## PROBLEM TO WORK ON
All of the data below should be printed again word for word, pictures excluded.

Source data

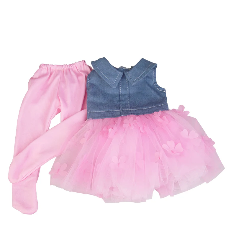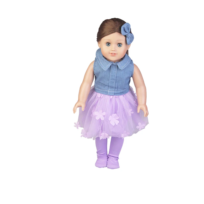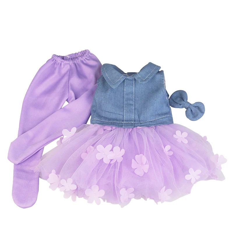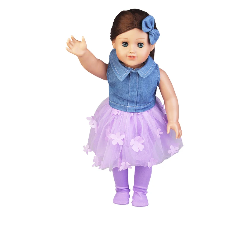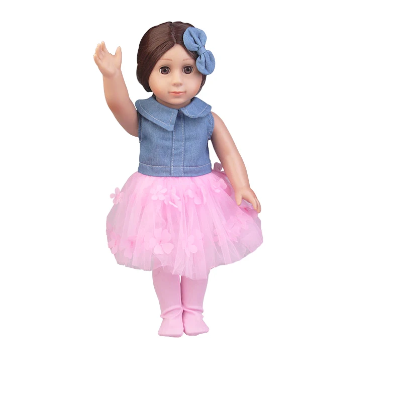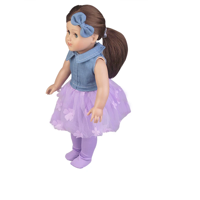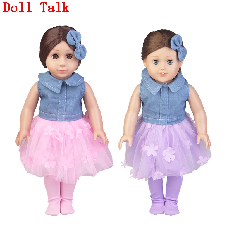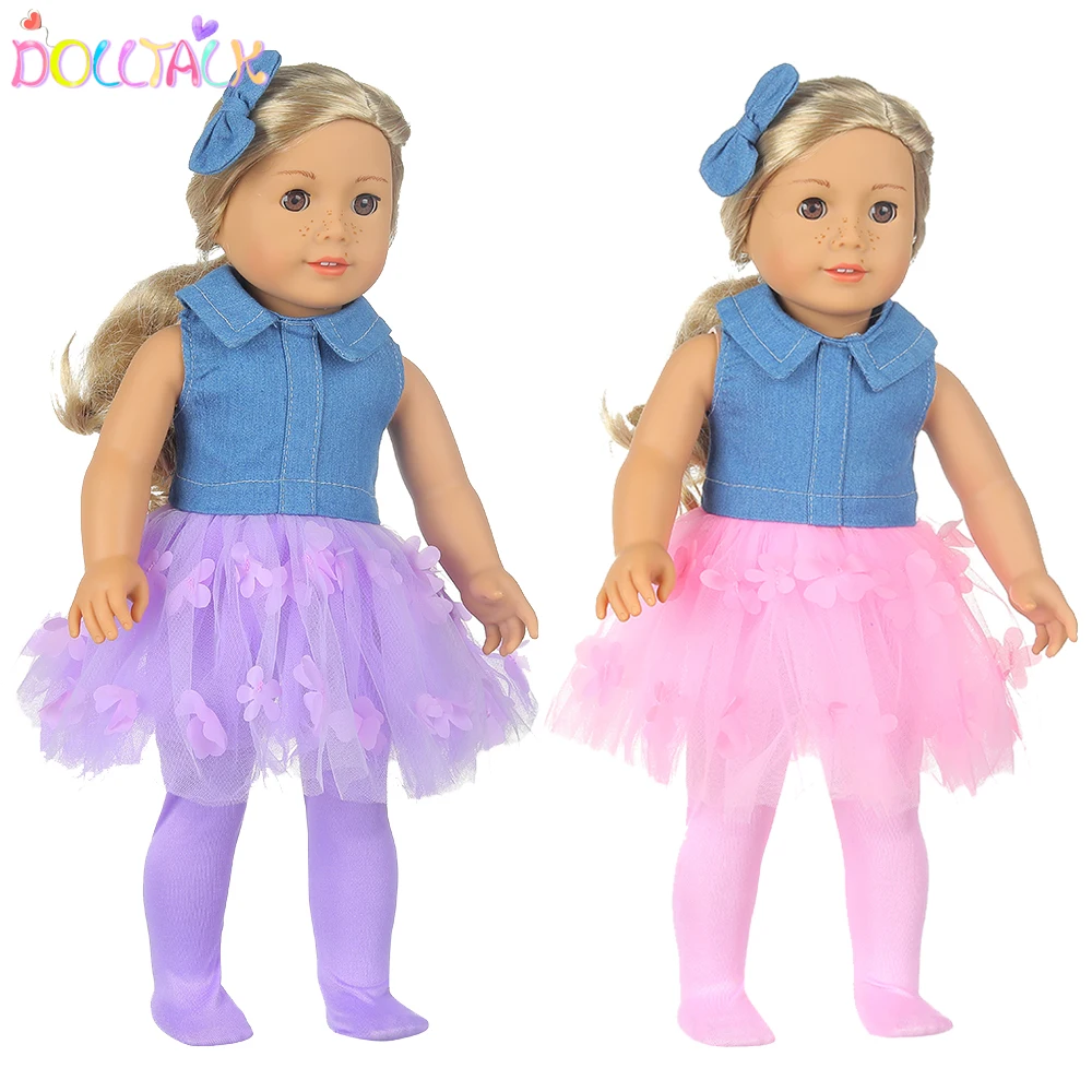 Джинсовая юбка 43 см, модное джинсовое платье с бантом и зажимом для волос, подходит для кукол 17,18 дюйма, Одежда для кукол, подходит для американской куклы
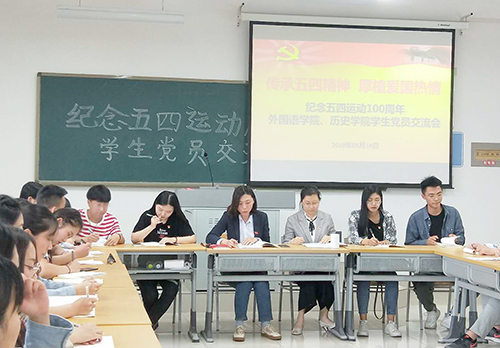 我院学生支部与历史与社会管理学院学生党支部共同开展了“传承五四精神 厚植爱国热情”纪念五四运动100周年主题党日活动。活动中,师生首先观看《党史故事100讲——五四运动,神州觉醒》,回顾了100年前波澜壮阔的反帝反封建革命。师生党员从不同的方面畅谈了自己的学习体会,他们表示,爱国、进步、民主、科学的“五四”精神始终激励着一代又一代的青年奋勇向前。作为新时代的青年人要发扬五四精神,树立前行目标,为实现自己的人生理想砥砺奋斗、勇往直前。大家在发言和讨论中进一步统一了思想,表示要将伟大的五四精神化为报效祖国、服务人民的自觉行为和前行动力,自觉坚持党的领导,不忘初心,砥砺前行,以青春之我建设青春之中国。
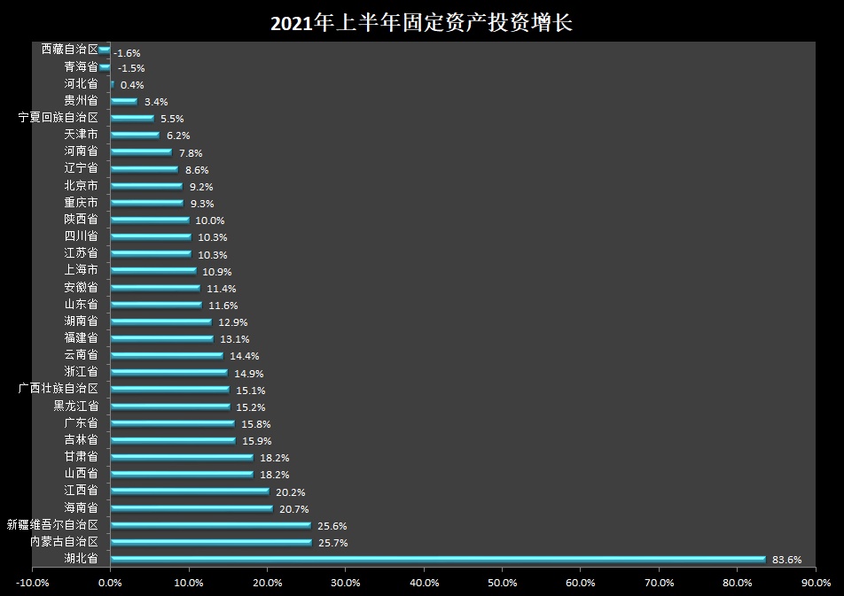 由于疫情原因,2020年上半年各地投資受到不同程度的影響,湖北去年上半年投資增速下降56.2%,在基數(shù)的影響下,今年上半年湖北數(shù)據(jù)反彈明顯。
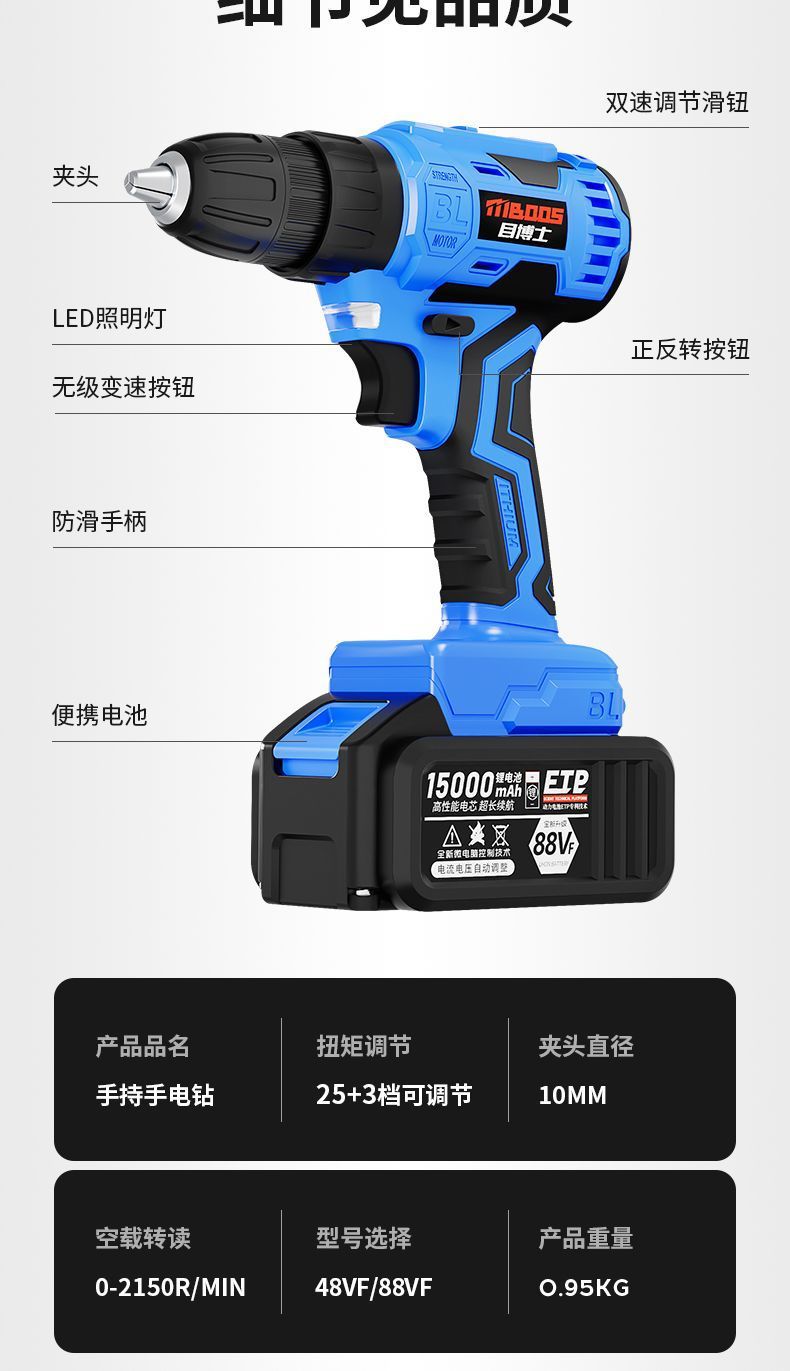 Dr. Mu 브러시리스 리튬 전기 드릴 충전 충격 드릴 가정용 산업용 등급 권총 드릴 전기 드라이버 전기 도구스토어 가기
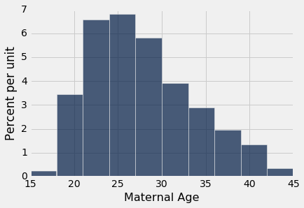 克制住将置信区间用于其他目的的冲动,这很重要。例如,回想一下,我们计算了区间(26.9 yr, 27.6 yr),作为母亲平均年龄的约 95% 的置信区间。区间的一个令人惊讶的常见误用是得出这样的结论,约 95% 的女性在 26.9 岁至 27.6 岁之间。你不需要怎么了解置信区间,来查看这是不是正确的 - 你不会预计 95% 的母亲的年龄在这个较小的范围内。实际上,抽样年龄的直方图显示出相当多的变化。
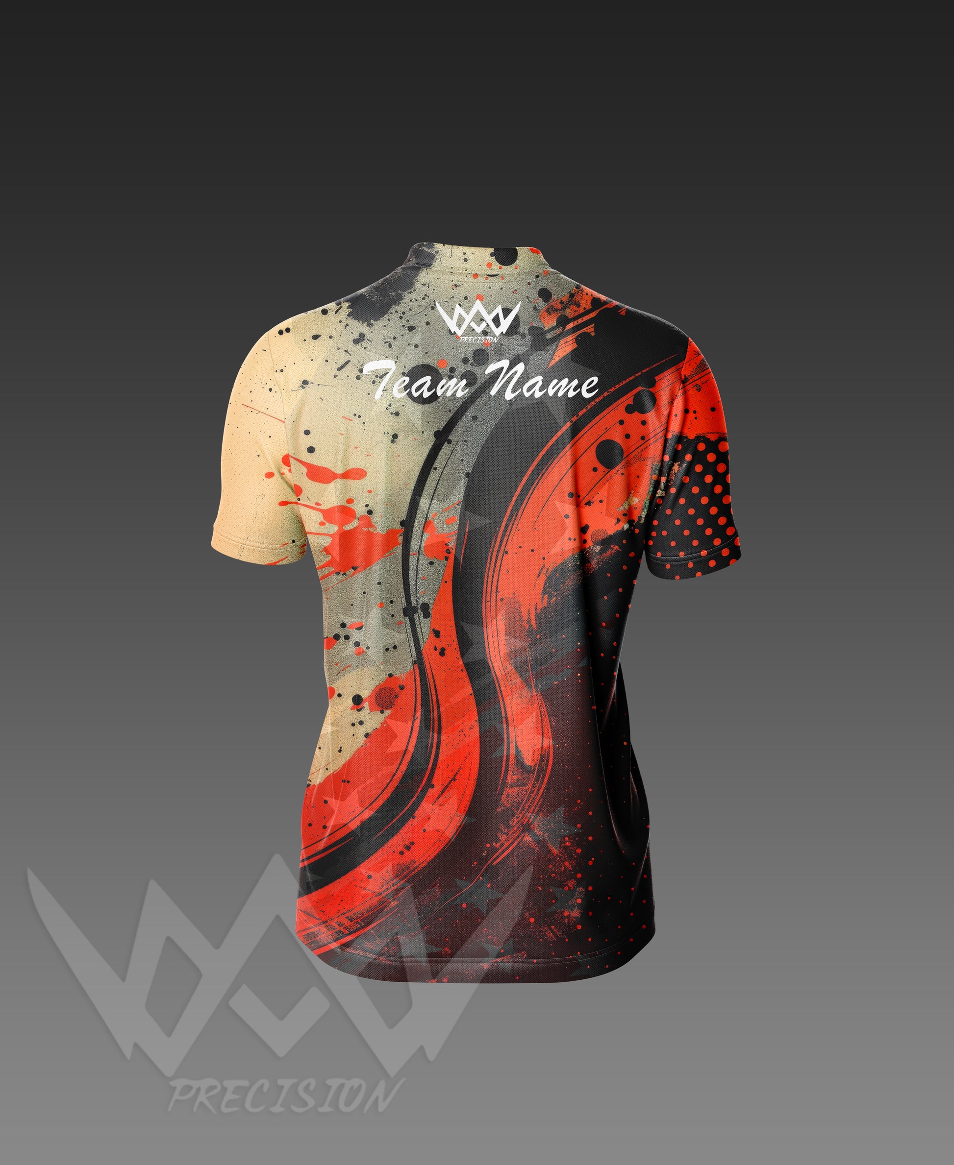 Built for competitors who thrive under pressure, the Precision Apex Series Design 5 Jersey combines rugged style with elite performance. Its bold mix of sandstone tan, deep black, and fire red creates a striking visual flow that captures both grit and control — a true statement piece for players who command respect at the table.

## TASK ANSWER
 Джинсовая юбка 43 см, модное джинсовое платье с бантом и зажимом для волос, подходит для кукол 17,18 дюйма, Одежда для кукол, подходит для американской куклы
 我院学生支部与历史与社会管理学院学生党支部共同开展了“传承五四精神 厚植爱国热情”纪念五四运动100周年主题党日活动。活动中,师生首先观看《党史故事100讲——五四运动,神州觉醒》,回顾了100年前波澜壮阔的反帝反封建革命。师生党员从不同的方面畅谈了自己的学习体会,他们表示,爱国、进步、民主、科学的“五四”精神始终激励着一代又一代的青年奋勇向前。作为新时代的青年人要发扬五四精神,树立前行目标,为实现自己的人生理想砥砺奋斗、勇往直前。大家在发言和讨论中进一步统一了思想,表示要将伟大的五四精神化为报效祖国、服务人民的自觉行为和前行动力,自觉坚持党的领导,不忘初心,砥砺前行,以青春之我建设青春之中国。
 由于疫情原因,2020年上半年各地投資受到不同程度的影響,湖北去年上半年投資增速下降56.2%,在基數(shù)的影響下,今年上半年湖北數(shù)據(jù)反彈明顯。
 Dr. Mu 브러시리스 리튬 전기 드릴 충전 충격 드릴 가정용 산업용 등급 권총 드릴 전기 드라이버 전기 도구스토어 가기
 克制住将置信区间用于其他目的的冲动,这很重要。例如,回想一下,我们计算了区间(26.9 yr, 27.6 yr),作为母亲平均年龄的约 95% 的置信区间。区间的一个令人惊讶的常见误用是得出这样的结论,约 95% 的女性在 26.9 岁至 27.6 岁之间。你不需要怎么了解置信区间,来查看这是不是正确的 - 你不会预计 95% 的母亲的年龄在这个较小的范围内。实际上,抽样年龄的直方图显示出相当多的变化。
 Built for competitors who thrive under pressure, the Precision Apex Series Design 5 Jersey combines rugged style with elite performance. Its bold mix of sandstone tan, deep black, and fire red creates a striking visual flow that captures both grit and control — a true statement piece for players who command respect at the table.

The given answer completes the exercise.